Task brief: Your copy must hold all of the data below, unchanged and without images.

Recorded data:
+--
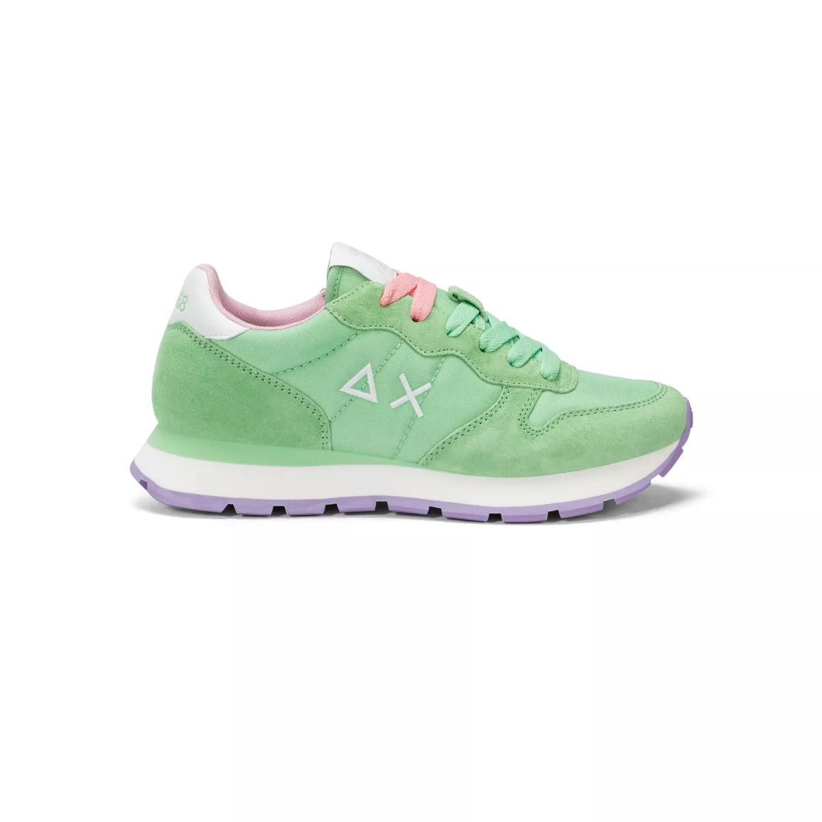 SUN68 is een Italiaans modemerk met casual designs. Dit model is uitgevoerd in canvas met suede overlays. De tong en fluor-accenten springen lekker in het oog en de geborduurde merkopdruk op de zijkant geeft deze sneaker zijn unieke look. De witte oplopende zool heeft een zwarte loopzool met gripvast profiel. Deze sneakers worden geleverd met extra katoenen veters
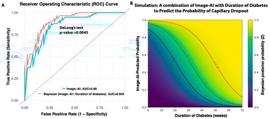 While the duration of diabetes is a well-established and significant risk factor for diabetic retinopathy, not all diabetic patients develop retinopathy, and not all individuals with DR have a long history of diabetes. In humans, one-third of individuals with diabetes will develop DR [2]. More importantly, the timing of DR onset varies among individuals, and the recorded duration of diabetes is often inaccurate in real clinical settings. We investigated whether including the duration of diabetes as a prior knowledge to integrate a real-time image-AI-based Bayesian framework can increase the early capillary dropout detection power. We used a logistic regression to model the relationship between diabetes duration and the probability of acellular early capillary dropout (acellular capillary density ≥ 18 counts per mm2). This probability was then incorporated into a Bayesian formula (see Section 2) to compute the posterior probability of real-time AI image-based early capillary dropout detection. As shown in Figure 4A, incorporating the duration of diabetes as a prior with the image AI model resulted in improved classification performance compared to the image AI model alone. The AUC of the ROC curves for the AI-based model alone and Bayesian model incorporating diabetes duration achieves are 0.86 and 0.90, respectively. The difference is statistically significant (DeLong’s test p-value = 0.0045). This finding suggests that combining prior knowledge (duration of diabetes) with real-time AI-based image predictions can enhance the reliability and robustness of early capillary dropout detection.
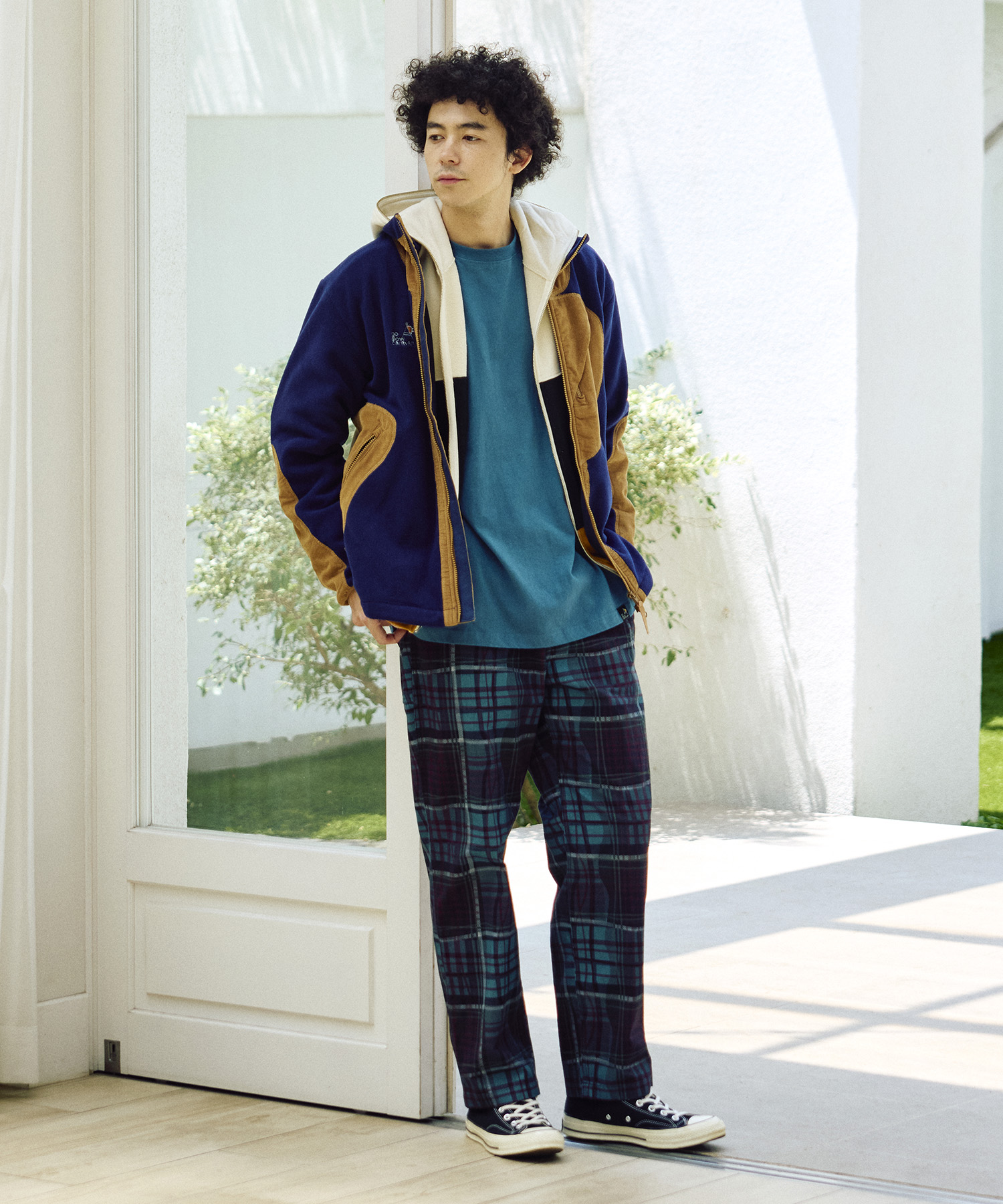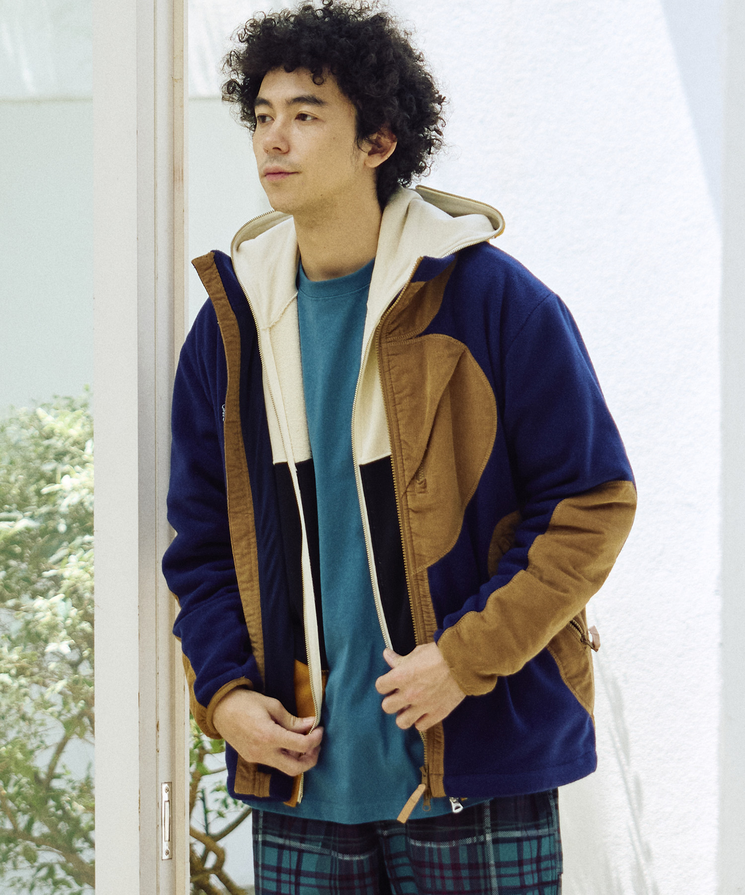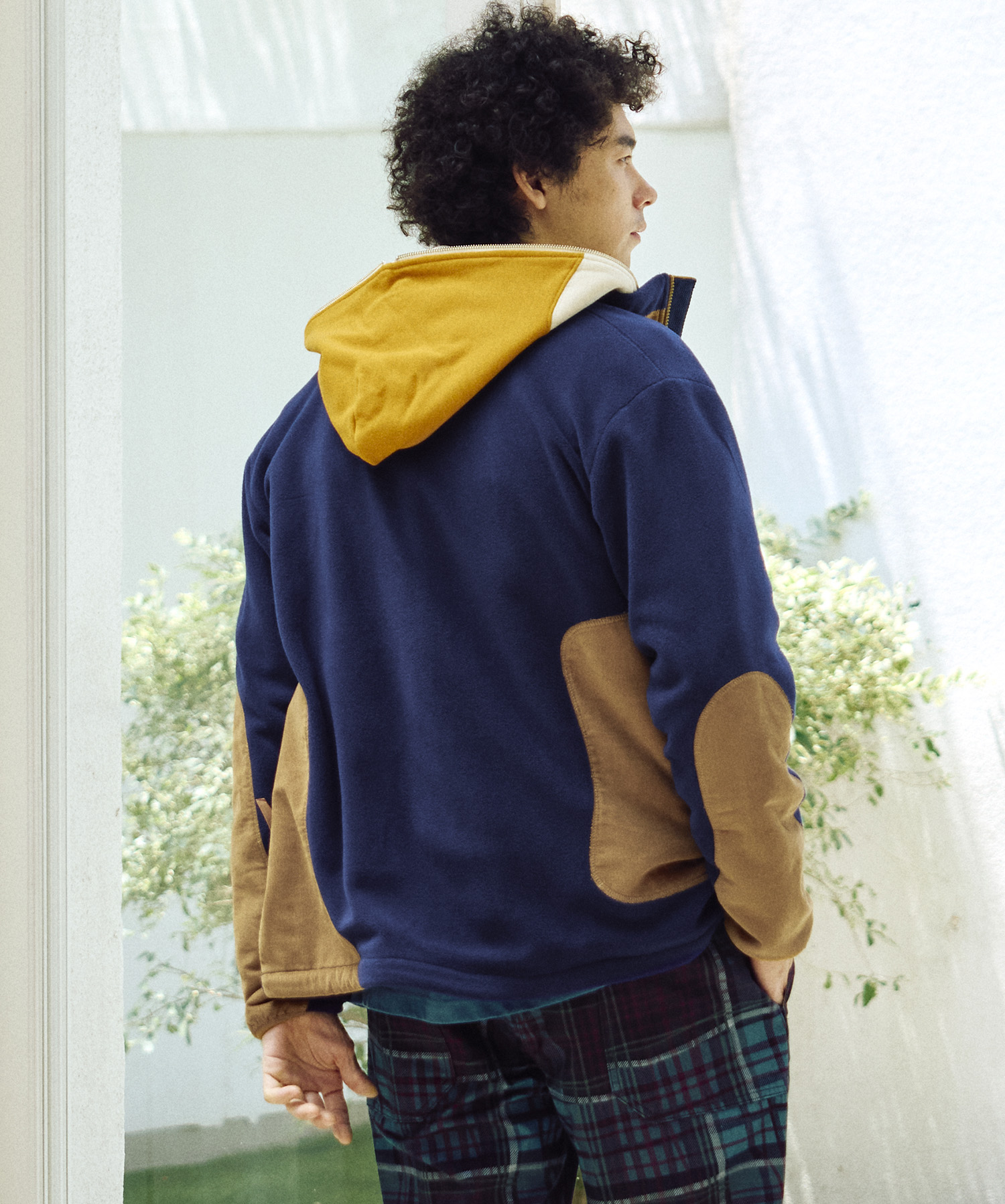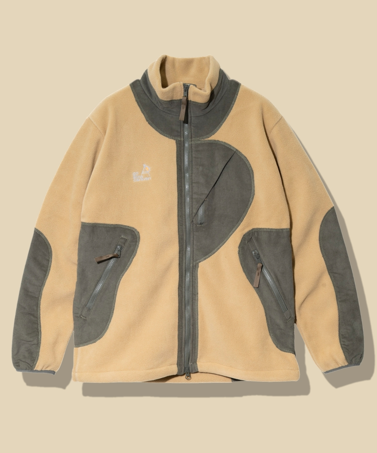 肉厚で暖かみのあるマイクロフリース素材に曲線でコーデュロイのトッピングを加えたミドルアウター。裏地にはメッシュを使用。
+--
Task solution:
 SUN68 is een Italiaans modemerk met casual designs. Dit model is uitgevoerd in canvas met suede overlays. De tong en fluor-accenten springen lekker in het oog en de geborduurde merkopdruk op de zijkant geeft deze sneaker zijn unieke look. De witte oplopende zool heeft een zwarte loopzool met gripvast profiel. Deze sneakers worden geleverd met extra katoenen veters
 While the duration of diabetes is a well-established and significant risk factor for diabetic retinopathy, not all diabetic patients develop retinopathy, and not all individuals with DR have a long history of diabetes. In humans, one-third of individuals with diabetes will develop DR [2]. More importantly, the timing of DR onset varies among individuals, and the recorded duration of diabetes is often inaccurate in real clinical settings. We investigated whether including the duration of diabetes as a prior knowledge to integrate a real-time image-AI-based Bayesian framework can increase the early capillary dropout detection power. We used a logistic regression to model the relationship between diabetes duration and the probability of acellular early capillary dropout (acellular capillary density ≥ 18 counts per mm2). This probability was then incorporated into a Bayesian formula (see Section 2) to compute the posterior probability of real-time AI image-based early capillary dropout detection. As shown in Figure 4A, incorporating the duration of diabetes as a prior with the image AI model resulted in improved classification performance compared to the image AI model alone. The AUC of the ROC curves for the AI-based model alone and Bayesian model incorporating diabetes duration achieves are 0.86 and 0.90, respectively. The difference is statistically significant (DeLong’s test p-value = 0.0045). This finding suggests that combining prior knowledge (duration of diabetes) with real-time AI-based image predictions can enhance the reliability and robustness of early capillary dropout detection.
 肉厚で暖かみのあるマイクロフリース素材に曲線でコーデュロイのトッピングを加えたミドルアウター。裏地にはメッシュを使用。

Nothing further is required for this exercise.